Eigenvector Methods - Principle Components Analysis
Suppose we have a scatter plot of two variables with fairly strong linear correlation and similar degrees of variance as shown in figure 8.5 (from Swan and Sandilands, 1995). We might plot a line through the 'long axis' of the data and another perpendicular to it. We have thus identified an alternative set of coordinates (axes) in which to define the data scatter. The new axes are different in that one new axis maximizes the variance along it while it minimizes the varaince around the other axis. The purpose of the change in axes might be to isolate and better identify the primary source of variance in the data. In our example, the first axis might represent the relative overall size of measured organisms, while the second variable may reflect variations in organism shape. This example may seem mundane, but it illustrates a methodology that can be generalized to any number of axes (dimensions) and associated variables. This method is termed principle components analysis (PCA).

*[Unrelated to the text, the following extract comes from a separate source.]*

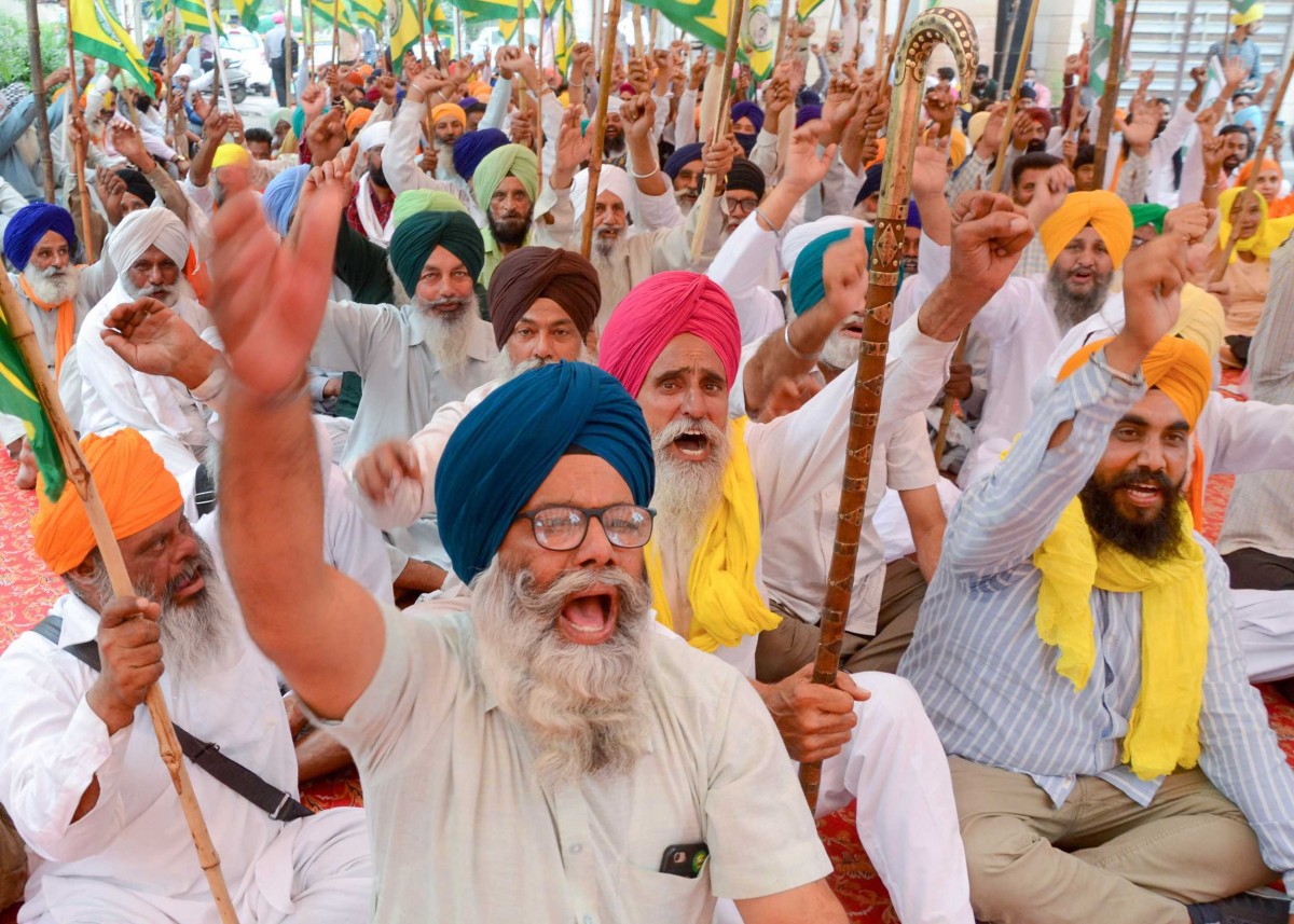 Farmers protest outside Food Corporation of India (FCI) office in Amritsar, Monday, April 5, 2021 Photo: PTI

PCA is in general a method for finding linear combinations of variables that can be grouped together and specified by a single variable or component. Ideally, we might hope to take a data set with n variables and find some number of principle components p that define most of the data variability and have the quality that n>>p. One way to see how to go about doing this is to consider a set of 5 variables. For each pair of variables do a scatter plot and calculate a correlation coefficient (-1 to1). If one tabulates all of the coefficients, one can discern when positive and negavtibve correlations occur (see attached table or correlations). On the basis of such calculations, one can define principle components by equaitons of the form:
PC1 = a1V1 + a2V2 + a3V3 + ....
where the a's are constants proportional to the correlation coefficients and V1-Vn are the original variables. Each of the constants, a, are commonly referred to as weights or loadings. In principle, there are the same number of principle components are there are variables, but usually only a few of the principle components need to be identified that are the cause of most of the data variance.
Factor Analysis
Factor analysis is very similar to PCA except that the data variables may be rotated to find and maximize the total data variance in only a few factors (~ principle components). In some forms of factor analysis the various factors are orthogonal to each other and define variability of orthogonal or independent variables. In some methods, however, the issue of orthogonality is not critical and some factors may be oblique to one another. This may be due to one or more variables having common dependencies such as sediment grain size, water depth of a sediment deposit, amount of quartz in a sediment sample, current velocity, etc.
Cluster Analysis
Cluster analysis is similar to the above tow methods of analysis in that it tries to find elements of similarity among several independent variables. Cluster analysis, however, does not use dimensions or orthogonal axes to calculate degrees of similarity. Rather, it uses distance or correlaiton coefficients to find those variables that best co-vary. It then groups the variables on the basis of their similarity or covariation into clusters. This type of analysis can be done at different levels of simialrity and dendrograms or tree diagrams may result that measures the degree of similarity of any variable with respect to other variables.